→ **Work to complete**
Using the data below, return word for word every line from the one holding "輸送系統(tǒng)用于清洗" down to the one holding "또 오는 11월까지 사용할". Leave pictures out.

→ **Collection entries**
- - - -
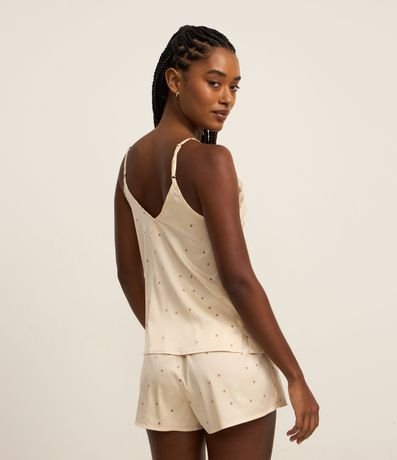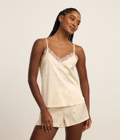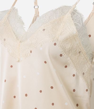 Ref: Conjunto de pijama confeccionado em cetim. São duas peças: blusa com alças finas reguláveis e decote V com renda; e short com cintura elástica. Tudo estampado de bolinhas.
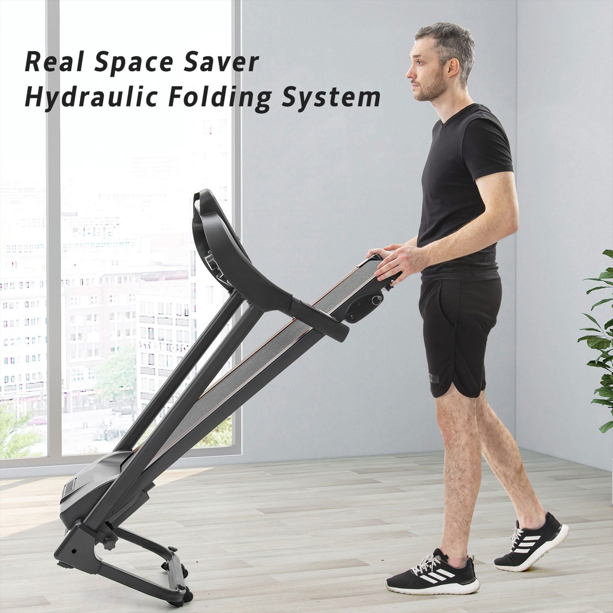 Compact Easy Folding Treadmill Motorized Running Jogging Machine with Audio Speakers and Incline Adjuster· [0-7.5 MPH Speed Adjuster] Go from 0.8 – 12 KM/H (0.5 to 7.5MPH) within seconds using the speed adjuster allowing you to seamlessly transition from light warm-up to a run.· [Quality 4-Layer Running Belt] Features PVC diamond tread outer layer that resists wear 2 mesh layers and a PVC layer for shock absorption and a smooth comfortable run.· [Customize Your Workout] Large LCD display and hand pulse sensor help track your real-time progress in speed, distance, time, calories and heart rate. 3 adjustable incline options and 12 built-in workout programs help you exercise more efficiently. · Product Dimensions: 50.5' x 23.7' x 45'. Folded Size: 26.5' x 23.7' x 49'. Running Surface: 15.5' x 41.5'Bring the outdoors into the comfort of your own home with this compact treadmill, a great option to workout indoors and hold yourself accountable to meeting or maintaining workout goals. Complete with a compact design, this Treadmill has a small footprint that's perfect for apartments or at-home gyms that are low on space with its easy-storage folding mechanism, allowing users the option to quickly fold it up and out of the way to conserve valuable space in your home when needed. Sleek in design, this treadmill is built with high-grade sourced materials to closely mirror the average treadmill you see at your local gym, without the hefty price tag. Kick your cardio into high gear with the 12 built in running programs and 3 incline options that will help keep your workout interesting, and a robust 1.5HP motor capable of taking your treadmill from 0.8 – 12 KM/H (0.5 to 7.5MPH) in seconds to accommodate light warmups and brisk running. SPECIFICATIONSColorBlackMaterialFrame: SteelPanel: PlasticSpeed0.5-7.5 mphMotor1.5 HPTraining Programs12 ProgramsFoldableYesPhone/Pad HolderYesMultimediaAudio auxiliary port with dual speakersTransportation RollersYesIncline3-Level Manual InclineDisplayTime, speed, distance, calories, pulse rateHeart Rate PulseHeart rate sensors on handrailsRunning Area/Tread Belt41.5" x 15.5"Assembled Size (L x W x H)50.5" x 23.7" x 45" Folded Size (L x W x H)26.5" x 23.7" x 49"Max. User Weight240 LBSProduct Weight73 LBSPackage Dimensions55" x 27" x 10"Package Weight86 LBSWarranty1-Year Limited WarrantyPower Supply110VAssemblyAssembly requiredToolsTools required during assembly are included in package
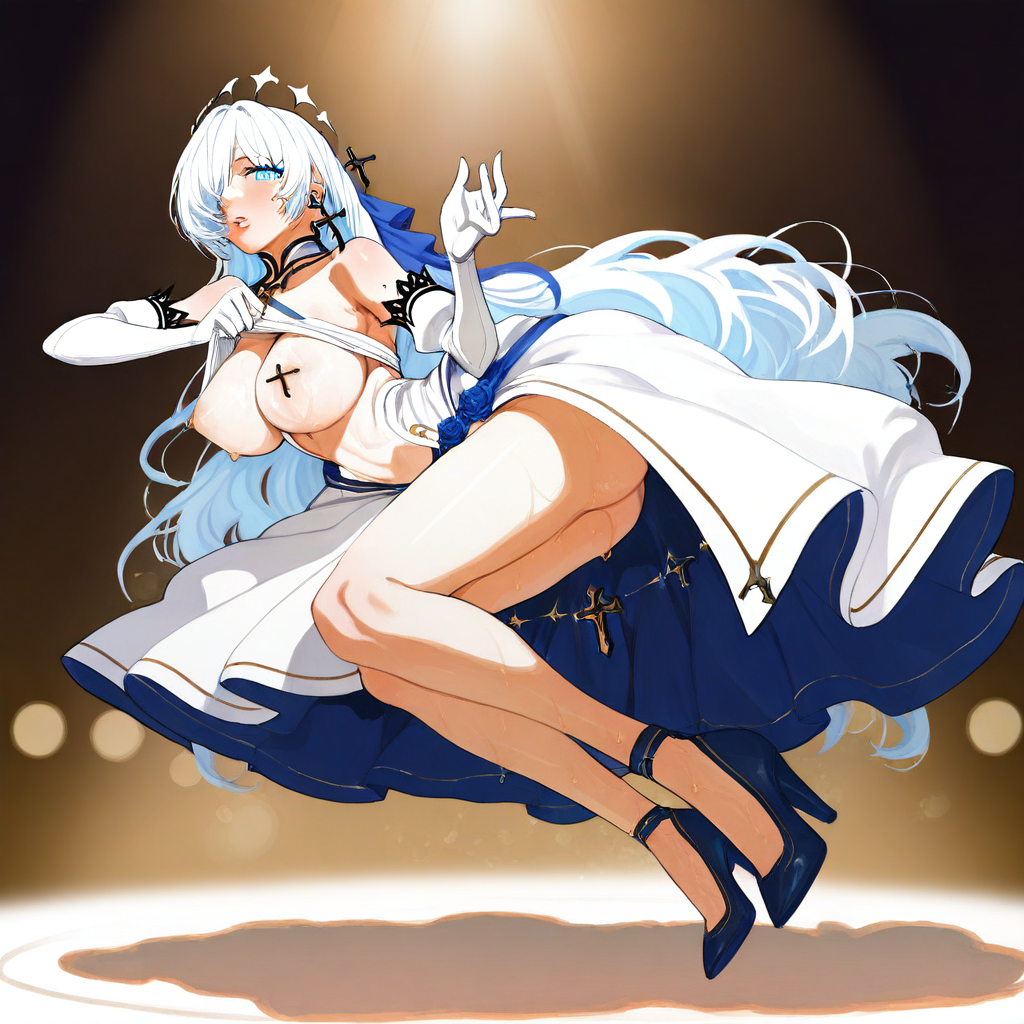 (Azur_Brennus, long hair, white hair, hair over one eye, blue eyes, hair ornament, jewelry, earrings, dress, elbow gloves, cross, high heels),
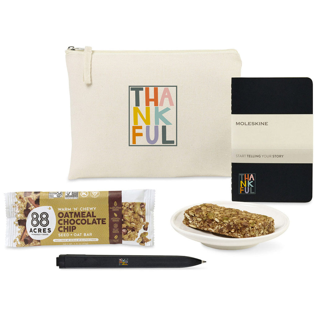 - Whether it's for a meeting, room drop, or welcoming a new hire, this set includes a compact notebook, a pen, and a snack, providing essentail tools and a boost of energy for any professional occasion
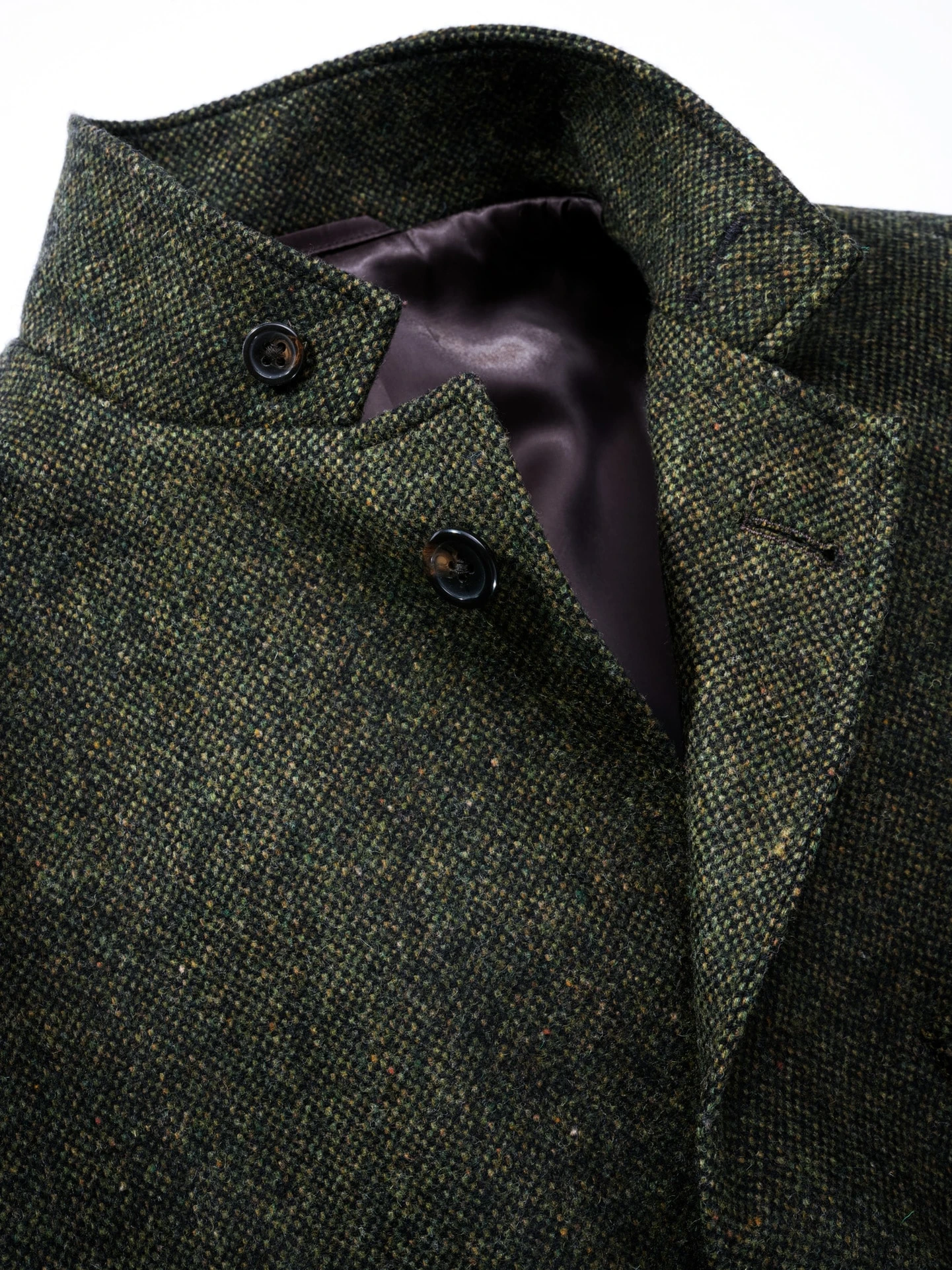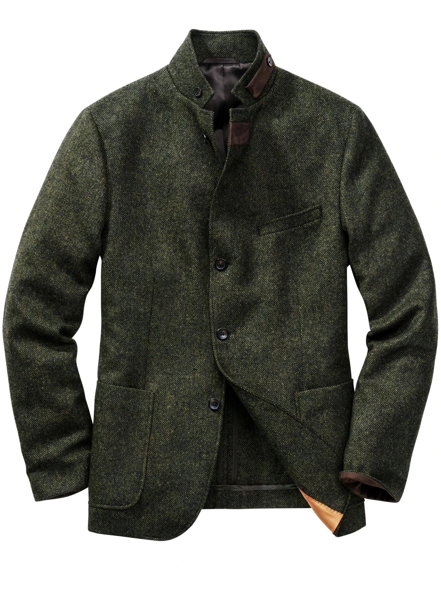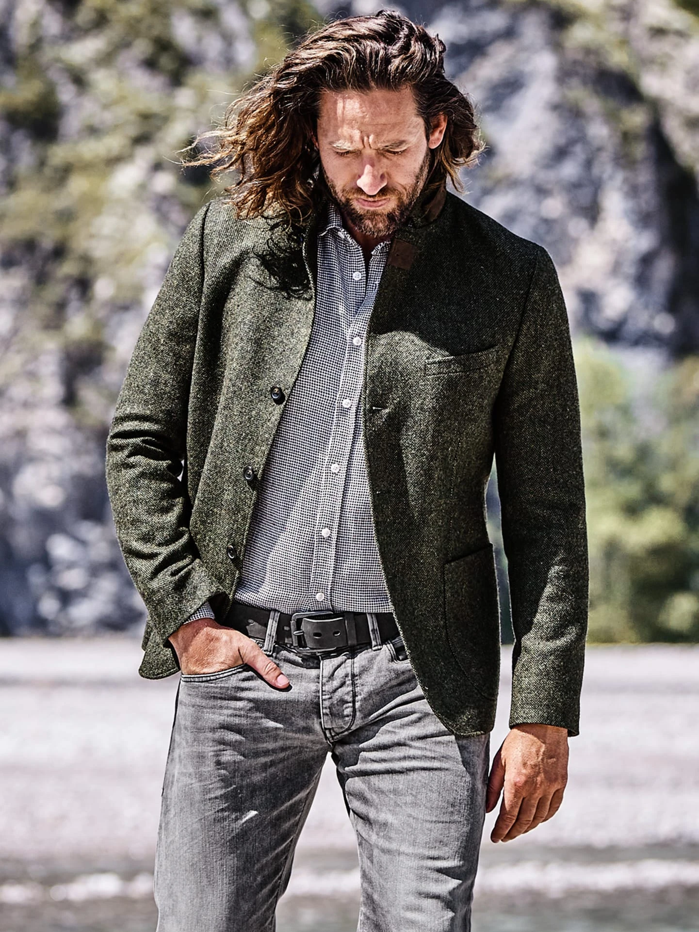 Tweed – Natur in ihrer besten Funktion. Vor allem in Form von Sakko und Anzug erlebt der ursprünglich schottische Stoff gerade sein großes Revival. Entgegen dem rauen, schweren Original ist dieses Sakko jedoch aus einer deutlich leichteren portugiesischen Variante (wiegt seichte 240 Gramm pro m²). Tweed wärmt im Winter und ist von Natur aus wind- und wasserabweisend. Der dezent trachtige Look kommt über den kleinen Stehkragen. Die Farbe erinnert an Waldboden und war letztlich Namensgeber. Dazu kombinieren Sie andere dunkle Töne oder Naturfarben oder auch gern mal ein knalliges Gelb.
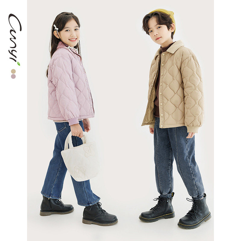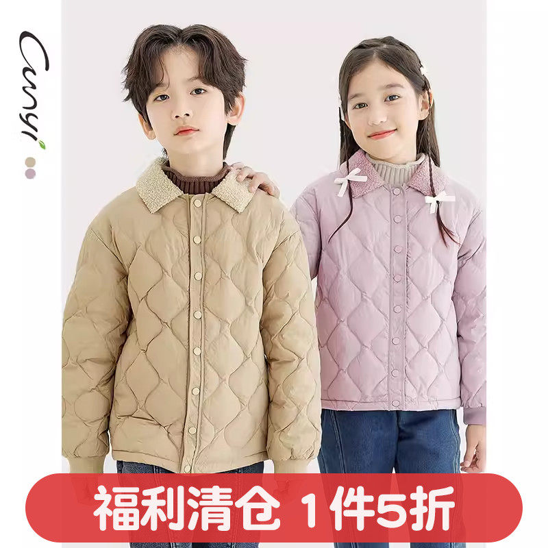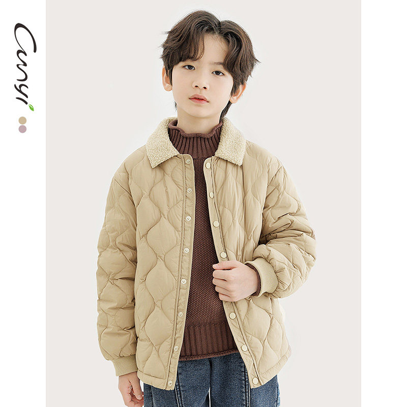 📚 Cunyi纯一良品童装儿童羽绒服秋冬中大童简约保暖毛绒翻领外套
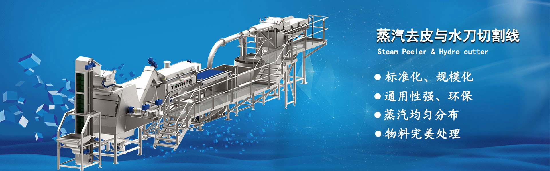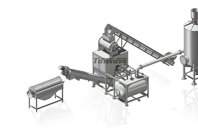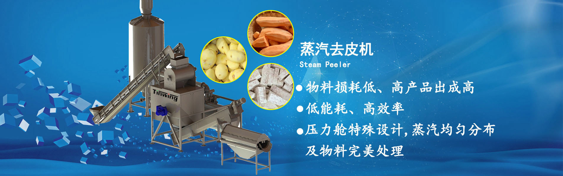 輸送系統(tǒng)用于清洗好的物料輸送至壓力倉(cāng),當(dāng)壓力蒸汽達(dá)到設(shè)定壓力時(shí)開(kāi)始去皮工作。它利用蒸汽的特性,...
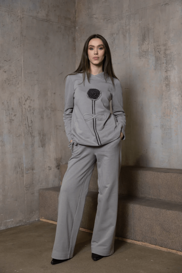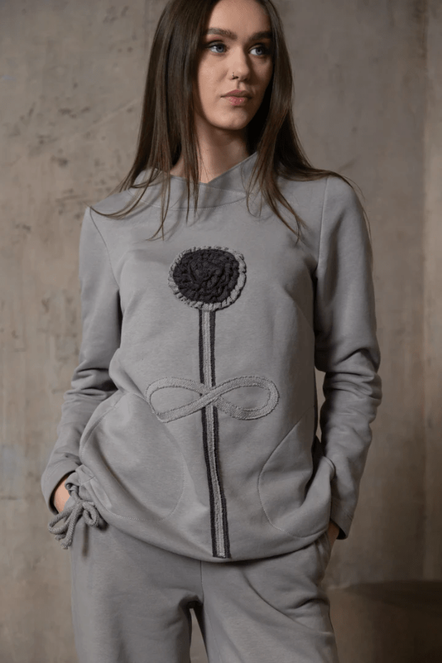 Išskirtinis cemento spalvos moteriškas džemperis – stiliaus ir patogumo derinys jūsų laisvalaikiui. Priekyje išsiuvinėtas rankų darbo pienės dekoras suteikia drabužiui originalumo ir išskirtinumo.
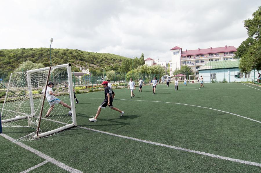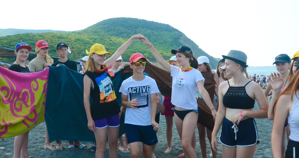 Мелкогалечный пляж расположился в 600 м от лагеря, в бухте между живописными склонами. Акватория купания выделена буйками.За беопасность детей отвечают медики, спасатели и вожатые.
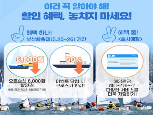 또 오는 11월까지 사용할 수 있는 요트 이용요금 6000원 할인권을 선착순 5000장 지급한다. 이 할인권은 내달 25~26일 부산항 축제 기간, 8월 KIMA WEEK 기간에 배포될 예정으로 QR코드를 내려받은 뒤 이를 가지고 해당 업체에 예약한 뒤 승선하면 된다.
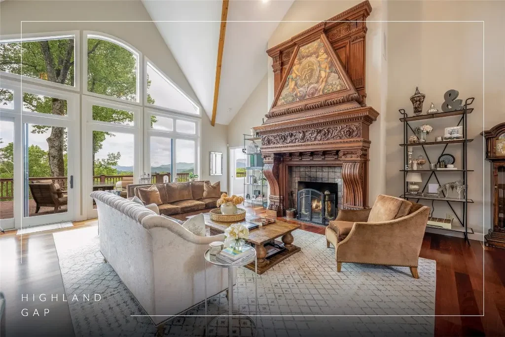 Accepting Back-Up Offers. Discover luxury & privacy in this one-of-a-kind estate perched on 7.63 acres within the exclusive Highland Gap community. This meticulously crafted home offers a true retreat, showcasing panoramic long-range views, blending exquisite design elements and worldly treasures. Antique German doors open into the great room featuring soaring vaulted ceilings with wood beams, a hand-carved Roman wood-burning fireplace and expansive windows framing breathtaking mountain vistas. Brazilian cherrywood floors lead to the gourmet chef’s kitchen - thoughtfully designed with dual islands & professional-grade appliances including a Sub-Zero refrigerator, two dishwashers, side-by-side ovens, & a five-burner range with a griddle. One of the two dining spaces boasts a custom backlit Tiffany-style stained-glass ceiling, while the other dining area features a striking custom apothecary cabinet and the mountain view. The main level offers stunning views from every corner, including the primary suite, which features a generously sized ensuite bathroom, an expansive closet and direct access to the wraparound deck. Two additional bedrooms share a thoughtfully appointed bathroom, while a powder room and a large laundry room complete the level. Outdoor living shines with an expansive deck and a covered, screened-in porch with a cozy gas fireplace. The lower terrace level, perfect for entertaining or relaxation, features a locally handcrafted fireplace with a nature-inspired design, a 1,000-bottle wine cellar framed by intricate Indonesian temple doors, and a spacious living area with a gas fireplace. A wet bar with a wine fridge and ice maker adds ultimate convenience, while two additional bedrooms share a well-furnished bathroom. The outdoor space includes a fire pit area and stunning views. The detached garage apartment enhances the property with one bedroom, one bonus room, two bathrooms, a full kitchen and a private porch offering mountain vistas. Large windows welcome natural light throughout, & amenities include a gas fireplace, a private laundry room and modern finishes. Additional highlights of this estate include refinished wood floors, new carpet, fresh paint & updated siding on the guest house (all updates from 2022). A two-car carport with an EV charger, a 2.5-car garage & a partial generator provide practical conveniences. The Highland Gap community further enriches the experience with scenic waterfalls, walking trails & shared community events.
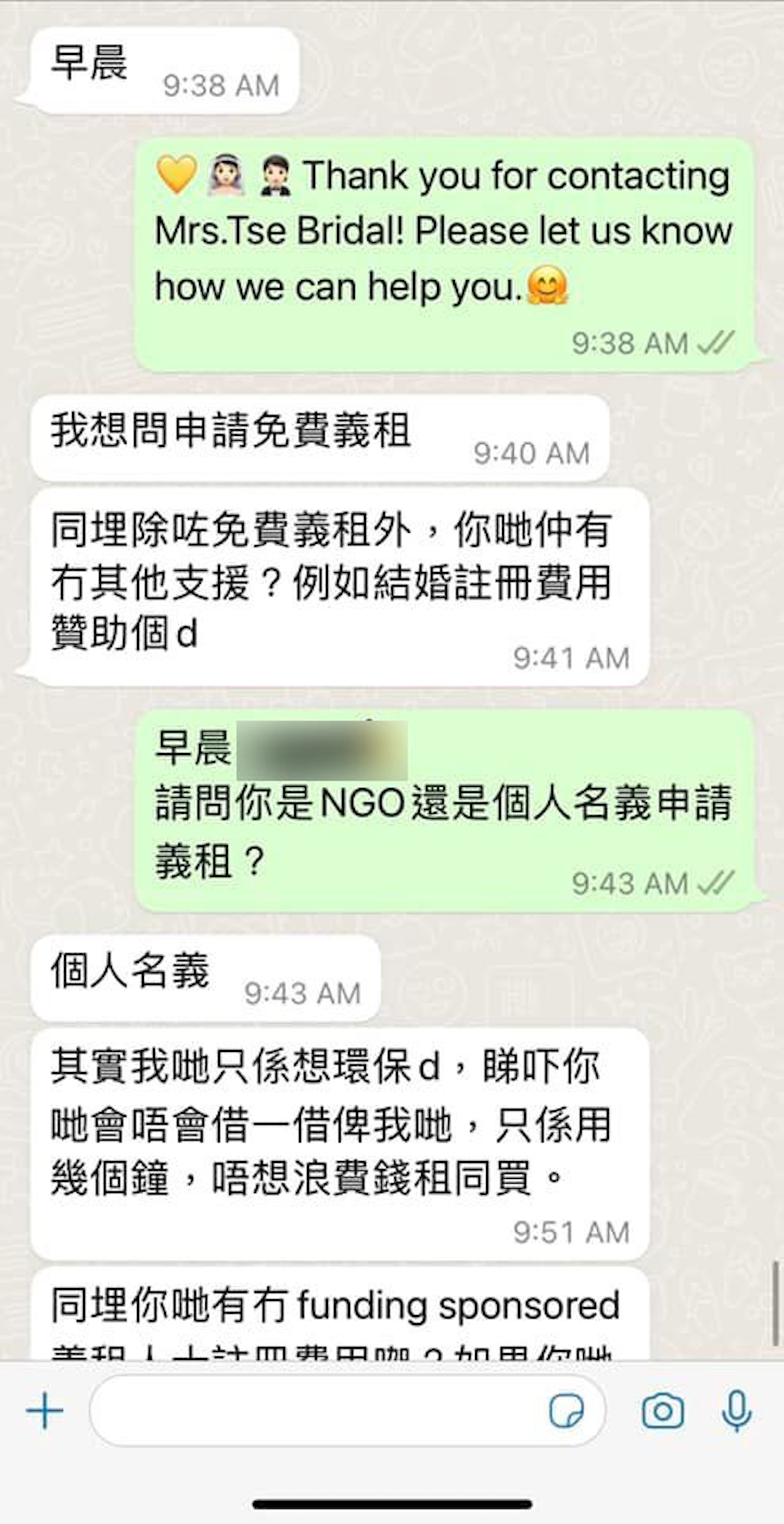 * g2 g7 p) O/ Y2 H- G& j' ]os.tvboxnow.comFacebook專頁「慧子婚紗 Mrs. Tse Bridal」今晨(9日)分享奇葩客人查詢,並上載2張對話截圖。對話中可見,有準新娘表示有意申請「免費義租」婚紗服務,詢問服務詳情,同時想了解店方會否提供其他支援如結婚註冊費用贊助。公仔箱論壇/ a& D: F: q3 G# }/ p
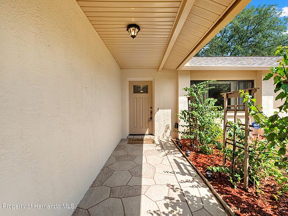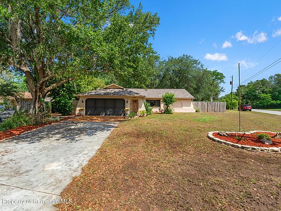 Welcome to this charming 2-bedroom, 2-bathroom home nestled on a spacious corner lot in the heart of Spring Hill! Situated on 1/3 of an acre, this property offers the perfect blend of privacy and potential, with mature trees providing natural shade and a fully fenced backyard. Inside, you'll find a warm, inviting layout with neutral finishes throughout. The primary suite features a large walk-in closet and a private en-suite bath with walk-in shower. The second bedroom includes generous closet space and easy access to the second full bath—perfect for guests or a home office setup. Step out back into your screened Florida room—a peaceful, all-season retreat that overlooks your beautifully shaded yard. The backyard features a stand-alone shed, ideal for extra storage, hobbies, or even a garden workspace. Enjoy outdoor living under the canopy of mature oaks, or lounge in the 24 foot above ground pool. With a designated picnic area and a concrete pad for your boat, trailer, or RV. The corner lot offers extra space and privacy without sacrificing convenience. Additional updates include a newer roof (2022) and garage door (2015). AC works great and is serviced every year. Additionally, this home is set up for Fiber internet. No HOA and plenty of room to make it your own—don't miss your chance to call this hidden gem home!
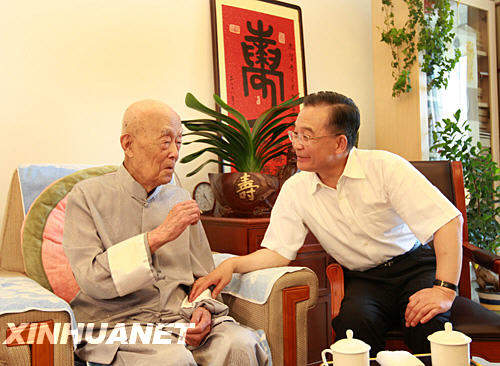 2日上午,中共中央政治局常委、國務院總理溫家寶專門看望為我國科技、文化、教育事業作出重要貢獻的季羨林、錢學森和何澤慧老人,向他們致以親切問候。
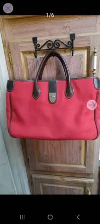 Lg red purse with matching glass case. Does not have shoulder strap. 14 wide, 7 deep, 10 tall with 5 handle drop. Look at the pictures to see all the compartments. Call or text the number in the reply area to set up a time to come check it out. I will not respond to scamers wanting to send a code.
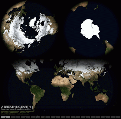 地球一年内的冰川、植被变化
- - - -
→ **Task solution**
 輸送系統(tǒng)用于清洗好的物料輸送至壓力倉(cāng),當(dāng)壓力蒸汽達(dá)到設(shè)定壓力時(shí)開(kāi)始去皮工作。它利用蒸汽的特性,...
 Išskirtinis cemento spalvos moteriškas džemperis – stiliaus ir patogumo derinys jūsų laisvalaikiui. Priekyje išsiuvinėtas rankų darbo pienės dekoras suteikia drabužiui originalumo ir išskirtinumo.
 Мелкогалечный пляж расположился в 600 м от лагеря, в бухте между живописными склонами. Акватория купания выделена буйками.За беопасность детей отвечают медики, спасатели и вожатые.
 또 오는 11월까지 사용할 수 있는 요트 이용요금 6000원 할인권을 선착순 5000장 지급한다. 이 할인권은 내달 25~26일 부산항 축제 기간, 8월 KIMA WEEK 기간에 배포될 예정으로 QR코드를 내려받은 뒤 이를 가지고 해당 업체에 예약한 뒤 승선하면 된다.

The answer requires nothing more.